** Data to process follows **

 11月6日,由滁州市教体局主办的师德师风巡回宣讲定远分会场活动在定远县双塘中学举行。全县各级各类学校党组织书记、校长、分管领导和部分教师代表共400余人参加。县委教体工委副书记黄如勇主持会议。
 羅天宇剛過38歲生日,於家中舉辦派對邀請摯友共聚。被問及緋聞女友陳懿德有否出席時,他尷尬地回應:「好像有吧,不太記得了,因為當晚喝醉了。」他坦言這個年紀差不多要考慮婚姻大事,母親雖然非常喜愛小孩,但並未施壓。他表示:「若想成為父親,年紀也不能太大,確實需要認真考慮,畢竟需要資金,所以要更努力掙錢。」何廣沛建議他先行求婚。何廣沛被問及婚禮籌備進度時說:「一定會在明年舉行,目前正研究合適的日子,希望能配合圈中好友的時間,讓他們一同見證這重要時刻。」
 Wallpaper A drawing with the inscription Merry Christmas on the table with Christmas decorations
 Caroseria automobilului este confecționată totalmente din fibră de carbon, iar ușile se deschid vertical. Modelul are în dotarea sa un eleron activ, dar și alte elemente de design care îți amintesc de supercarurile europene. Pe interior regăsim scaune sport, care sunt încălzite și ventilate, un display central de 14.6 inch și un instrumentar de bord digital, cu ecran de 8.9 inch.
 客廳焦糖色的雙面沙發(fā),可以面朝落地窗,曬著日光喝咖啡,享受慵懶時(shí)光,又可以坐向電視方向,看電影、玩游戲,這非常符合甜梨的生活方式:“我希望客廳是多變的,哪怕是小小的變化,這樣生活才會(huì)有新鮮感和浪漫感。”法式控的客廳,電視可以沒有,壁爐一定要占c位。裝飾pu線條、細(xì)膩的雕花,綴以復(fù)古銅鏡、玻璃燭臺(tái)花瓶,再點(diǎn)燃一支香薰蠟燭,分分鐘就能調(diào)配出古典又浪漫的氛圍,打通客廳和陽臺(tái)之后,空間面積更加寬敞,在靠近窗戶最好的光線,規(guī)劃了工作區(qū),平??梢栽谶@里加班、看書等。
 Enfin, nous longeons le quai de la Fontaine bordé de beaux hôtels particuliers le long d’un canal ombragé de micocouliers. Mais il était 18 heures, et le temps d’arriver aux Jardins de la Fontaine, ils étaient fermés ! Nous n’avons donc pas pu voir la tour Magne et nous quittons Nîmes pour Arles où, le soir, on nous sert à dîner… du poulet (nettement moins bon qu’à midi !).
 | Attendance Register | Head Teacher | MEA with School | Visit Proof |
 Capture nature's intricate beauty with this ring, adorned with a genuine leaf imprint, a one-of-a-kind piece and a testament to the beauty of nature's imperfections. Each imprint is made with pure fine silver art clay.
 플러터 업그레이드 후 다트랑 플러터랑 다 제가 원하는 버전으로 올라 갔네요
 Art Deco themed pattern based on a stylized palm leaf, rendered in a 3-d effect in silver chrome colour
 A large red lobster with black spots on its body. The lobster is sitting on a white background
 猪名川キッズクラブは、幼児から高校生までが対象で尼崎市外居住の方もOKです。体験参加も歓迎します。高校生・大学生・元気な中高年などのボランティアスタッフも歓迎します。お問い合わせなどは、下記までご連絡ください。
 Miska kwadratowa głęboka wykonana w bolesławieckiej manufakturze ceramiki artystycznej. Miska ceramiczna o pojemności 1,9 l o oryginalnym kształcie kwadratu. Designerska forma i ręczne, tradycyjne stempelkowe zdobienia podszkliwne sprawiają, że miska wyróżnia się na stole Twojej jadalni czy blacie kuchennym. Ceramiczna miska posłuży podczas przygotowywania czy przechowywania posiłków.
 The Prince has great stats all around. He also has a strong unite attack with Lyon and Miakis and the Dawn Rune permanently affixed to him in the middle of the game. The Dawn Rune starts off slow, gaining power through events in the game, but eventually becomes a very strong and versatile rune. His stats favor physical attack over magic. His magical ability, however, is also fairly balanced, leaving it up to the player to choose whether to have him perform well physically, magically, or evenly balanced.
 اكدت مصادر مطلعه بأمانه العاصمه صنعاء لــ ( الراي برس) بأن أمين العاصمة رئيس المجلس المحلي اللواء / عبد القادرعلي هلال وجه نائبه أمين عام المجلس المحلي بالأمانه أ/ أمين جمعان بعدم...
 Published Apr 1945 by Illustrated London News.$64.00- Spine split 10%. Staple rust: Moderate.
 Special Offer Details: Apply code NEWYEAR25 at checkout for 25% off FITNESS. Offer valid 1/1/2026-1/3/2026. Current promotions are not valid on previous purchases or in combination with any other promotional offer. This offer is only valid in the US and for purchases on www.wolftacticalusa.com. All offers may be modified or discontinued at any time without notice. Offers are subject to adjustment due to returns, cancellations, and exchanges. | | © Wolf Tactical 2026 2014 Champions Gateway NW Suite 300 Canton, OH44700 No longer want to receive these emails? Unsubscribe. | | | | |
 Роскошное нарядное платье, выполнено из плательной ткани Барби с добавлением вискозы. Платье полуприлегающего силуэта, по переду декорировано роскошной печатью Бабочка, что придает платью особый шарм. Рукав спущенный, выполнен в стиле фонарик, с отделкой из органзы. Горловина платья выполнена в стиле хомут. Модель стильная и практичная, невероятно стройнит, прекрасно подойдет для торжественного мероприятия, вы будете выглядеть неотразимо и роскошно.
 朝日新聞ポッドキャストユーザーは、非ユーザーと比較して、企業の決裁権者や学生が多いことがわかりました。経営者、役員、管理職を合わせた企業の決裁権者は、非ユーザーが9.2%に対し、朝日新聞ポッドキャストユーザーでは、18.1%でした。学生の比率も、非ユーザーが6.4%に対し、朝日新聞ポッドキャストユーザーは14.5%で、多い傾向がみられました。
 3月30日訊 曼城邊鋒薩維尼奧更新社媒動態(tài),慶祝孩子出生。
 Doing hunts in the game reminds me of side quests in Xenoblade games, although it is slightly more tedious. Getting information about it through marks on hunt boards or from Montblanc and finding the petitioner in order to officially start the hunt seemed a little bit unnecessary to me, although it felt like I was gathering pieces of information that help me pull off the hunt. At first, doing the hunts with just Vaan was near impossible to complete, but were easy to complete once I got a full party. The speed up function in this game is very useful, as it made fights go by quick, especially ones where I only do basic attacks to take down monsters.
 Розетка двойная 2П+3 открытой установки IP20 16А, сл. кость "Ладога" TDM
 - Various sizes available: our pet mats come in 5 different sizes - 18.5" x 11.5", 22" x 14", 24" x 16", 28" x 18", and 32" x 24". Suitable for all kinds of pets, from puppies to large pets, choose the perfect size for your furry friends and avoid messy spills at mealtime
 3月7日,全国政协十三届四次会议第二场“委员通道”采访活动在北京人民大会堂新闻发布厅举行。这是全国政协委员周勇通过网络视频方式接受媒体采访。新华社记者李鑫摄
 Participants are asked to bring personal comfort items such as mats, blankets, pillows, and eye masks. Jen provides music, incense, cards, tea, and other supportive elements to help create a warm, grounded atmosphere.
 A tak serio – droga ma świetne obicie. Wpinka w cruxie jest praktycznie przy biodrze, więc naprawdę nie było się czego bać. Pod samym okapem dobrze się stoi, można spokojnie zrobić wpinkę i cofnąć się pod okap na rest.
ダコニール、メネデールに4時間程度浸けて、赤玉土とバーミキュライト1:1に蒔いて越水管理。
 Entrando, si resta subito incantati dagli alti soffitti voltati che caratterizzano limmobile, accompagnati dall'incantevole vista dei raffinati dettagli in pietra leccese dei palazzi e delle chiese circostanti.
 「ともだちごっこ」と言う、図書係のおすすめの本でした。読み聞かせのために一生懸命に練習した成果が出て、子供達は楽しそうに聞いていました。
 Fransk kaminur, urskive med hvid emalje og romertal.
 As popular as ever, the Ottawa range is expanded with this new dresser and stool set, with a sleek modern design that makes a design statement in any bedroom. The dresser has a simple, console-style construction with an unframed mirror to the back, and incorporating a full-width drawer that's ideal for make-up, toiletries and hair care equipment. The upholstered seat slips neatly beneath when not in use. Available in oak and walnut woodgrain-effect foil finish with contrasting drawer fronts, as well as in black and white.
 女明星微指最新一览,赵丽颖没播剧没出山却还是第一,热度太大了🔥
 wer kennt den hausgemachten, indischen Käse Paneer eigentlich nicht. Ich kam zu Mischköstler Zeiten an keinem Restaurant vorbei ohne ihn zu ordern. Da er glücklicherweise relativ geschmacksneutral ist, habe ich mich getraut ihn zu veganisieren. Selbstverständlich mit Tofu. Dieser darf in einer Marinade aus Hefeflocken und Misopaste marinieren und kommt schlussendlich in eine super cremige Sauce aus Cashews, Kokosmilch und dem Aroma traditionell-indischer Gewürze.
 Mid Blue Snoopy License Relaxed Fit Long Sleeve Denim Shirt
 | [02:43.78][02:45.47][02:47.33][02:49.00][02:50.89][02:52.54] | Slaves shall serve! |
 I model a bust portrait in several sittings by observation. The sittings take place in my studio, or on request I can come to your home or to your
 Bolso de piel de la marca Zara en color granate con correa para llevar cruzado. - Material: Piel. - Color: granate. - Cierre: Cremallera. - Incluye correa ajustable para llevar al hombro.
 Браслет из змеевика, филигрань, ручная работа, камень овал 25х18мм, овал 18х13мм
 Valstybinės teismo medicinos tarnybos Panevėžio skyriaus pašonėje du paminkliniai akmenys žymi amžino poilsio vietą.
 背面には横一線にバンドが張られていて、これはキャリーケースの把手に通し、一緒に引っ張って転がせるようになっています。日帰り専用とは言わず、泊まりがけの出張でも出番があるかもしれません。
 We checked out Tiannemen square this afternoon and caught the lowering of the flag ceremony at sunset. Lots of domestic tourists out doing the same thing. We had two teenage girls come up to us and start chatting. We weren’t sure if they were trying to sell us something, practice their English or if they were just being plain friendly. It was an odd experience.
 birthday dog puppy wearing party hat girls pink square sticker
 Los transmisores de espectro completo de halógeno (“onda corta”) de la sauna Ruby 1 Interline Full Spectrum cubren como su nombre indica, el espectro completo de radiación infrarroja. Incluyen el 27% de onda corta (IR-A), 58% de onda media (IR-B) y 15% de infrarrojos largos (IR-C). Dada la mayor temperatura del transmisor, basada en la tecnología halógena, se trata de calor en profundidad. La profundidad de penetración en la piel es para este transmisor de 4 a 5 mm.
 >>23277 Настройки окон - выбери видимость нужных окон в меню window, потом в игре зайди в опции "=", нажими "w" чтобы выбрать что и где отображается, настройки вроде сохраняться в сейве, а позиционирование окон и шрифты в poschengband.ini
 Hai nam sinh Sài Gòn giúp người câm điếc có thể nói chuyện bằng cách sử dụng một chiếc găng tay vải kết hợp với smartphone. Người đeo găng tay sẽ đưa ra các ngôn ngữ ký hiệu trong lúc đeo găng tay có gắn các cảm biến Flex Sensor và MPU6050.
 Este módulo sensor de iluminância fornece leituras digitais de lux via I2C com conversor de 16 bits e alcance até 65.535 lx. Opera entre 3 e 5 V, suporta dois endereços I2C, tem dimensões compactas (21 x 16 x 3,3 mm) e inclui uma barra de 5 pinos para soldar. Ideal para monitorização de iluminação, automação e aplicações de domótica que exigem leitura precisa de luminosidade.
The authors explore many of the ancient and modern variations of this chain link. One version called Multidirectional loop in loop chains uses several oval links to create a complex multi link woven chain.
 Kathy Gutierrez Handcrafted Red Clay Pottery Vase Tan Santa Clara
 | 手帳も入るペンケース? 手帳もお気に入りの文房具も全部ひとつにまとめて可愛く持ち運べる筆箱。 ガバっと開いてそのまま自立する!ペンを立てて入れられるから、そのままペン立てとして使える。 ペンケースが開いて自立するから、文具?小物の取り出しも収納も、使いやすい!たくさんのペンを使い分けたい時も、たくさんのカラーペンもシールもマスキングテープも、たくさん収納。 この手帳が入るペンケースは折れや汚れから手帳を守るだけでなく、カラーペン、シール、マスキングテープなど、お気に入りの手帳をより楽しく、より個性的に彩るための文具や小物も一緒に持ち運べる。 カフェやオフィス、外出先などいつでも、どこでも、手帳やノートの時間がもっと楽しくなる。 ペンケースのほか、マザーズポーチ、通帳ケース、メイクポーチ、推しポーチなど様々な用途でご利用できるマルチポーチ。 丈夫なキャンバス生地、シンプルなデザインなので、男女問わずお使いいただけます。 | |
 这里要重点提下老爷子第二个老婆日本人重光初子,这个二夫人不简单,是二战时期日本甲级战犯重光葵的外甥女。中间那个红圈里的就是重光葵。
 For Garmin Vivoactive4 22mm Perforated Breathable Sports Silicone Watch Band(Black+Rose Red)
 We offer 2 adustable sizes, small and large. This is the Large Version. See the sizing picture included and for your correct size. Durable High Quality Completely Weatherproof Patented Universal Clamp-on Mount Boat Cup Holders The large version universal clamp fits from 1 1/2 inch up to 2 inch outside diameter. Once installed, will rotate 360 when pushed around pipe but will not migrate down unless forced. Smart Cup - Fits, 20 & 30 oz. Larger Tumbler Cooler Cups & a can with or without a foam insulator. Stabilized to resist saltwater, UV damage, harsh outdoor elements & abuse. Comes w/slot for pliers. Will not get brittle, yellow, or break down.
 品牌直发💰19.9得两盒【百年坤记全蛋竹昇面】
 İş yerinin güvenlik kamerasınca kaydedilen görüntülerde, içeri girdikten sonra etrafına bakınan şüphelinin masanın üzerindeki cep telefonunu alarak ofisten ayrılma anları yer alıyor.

** End of Data to process **

What is required
Throughout the listing above, how many lines hold the word "leaf"? Answer with only the number.

Your solution
2